◆ **Material for the task**:
"""
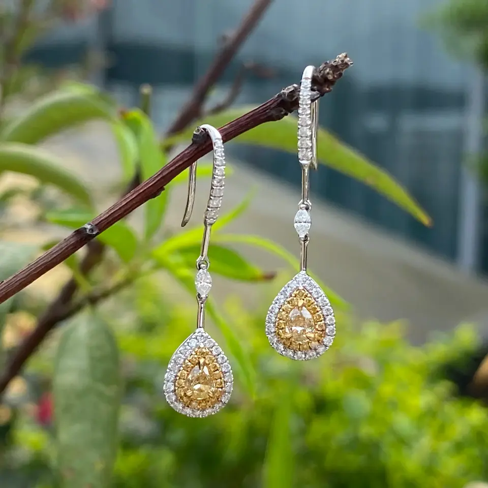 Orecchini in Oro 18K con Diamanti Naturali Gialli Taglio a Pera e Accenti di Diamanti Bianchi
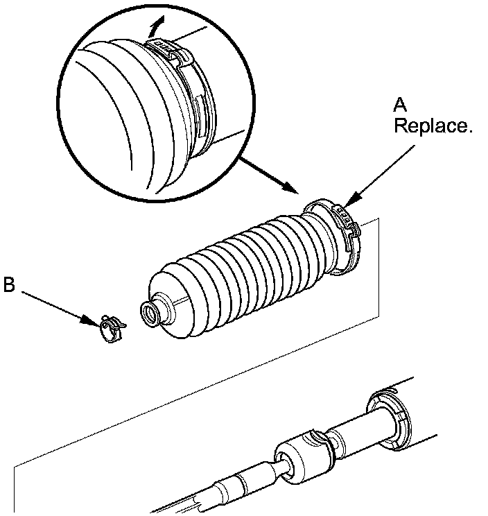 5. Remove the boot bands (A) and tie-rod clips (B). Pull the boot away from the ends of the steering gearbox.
"""
"""
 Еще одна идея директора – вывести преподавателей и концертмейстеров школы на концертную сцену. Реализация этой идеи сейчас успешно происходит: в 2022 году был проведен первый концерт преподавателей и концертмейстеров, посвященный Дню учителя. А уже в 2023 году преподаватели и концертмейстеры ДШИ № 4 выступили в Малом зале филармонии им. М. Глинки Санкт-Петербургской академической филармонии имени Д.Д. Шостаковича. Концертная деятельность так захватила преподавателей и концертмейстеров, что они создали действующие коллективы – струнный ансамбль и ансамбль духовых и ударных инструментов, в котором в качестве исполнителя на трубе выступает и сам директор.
"""
◆ **What you will do**:
Skip every picture, and restate word for word only the lines above from the line containing "Orecchini in Oro" to the line containing "5. Remove the", both of them included.

◆ **Your solution**:
 Orecchini in Oro 18K con Diamanti Naturali Gialli Taglio a Pera e Accenti di Diamanti Bianchi
 5. Remove the boot bands (A) and tie-rod clips (B). Pull the boot away from the ends of the steering gearbox.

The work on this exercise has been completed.